Chapter 1
My name is Auristela Allisya Kiehl, I went to school at SMAN 61 Jakarta, next Friday I graduated from high school. after graduating I decided to study in Germany. When I told my father that I would continue my studies there, my father was very happy. I said this to my mother. my mother objected to my decision but I insisted and finally my mother allowed it even though halfheartedly.
I’m of mixed Indonesian-German descent. both of my parents divorced when I was 10 years old. At that time I quite understood what it meant to be divorced, I felt sad and disappointed. I don’t want them divorced and my parents know that. They told me that they also didn’t want this to happen, but to be a good parent for me this was the way they had to choose. They just don’t want to hurt me because I often hear their debates. they also say they still love each other, they just stop hurting each other because they also don’t want to hurt me. even though they separated they would still be my parents and always love me. Someday I will understand, that’s what my parents said. after the divorce I lived in Indonesia with my mother and my father returned to Germany.
For 7 years I was separated from my father. Once a week my father called me to ask how I was and vice versa. I really want to meet him and hug him. I miss him so much, because all this time I can only see his face while on a video call and hear his voice by telephone.
I contacted my father, told him to come to my graduation program. but my father could not come to Indonesia because my grandmother was sick and my father could not leave her. actually I was disappointed but I tried to understand the situation.
since my mother got married about 2 years ago, I began to feel uncomfortable living with her. not because I don’t like my mother remarrying but I don’t want to spoil her happiness. I’m happy my mother can find happiness again. I want my mother to enjoy her life and I don’t want to be a burden for her.

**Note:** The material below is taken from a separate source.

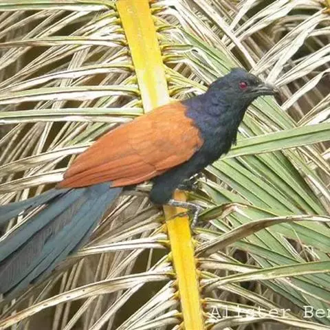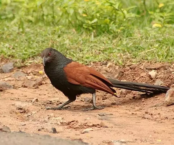 褐翅鸦鹃虹膜赤红色(成鸟)或灰蓝至暗褐色(幼),嘴、脚黑色。

another case with my father, until now he hasn’t remarried. either because they haven’t found a suitable partner or indeed don’t want to remarry. my dad isn’t too open to me. my father was also very economical in speaking, he would only talk when he wanted to talk.
I can’t wait, it feels like I want to get past my graduation program, fly to Germany and meet my father. Another reason why I want to go to Germany is because I want to be closer to my father and pass the days with him. My father only has me, while my mother has someone who can take care and protect her.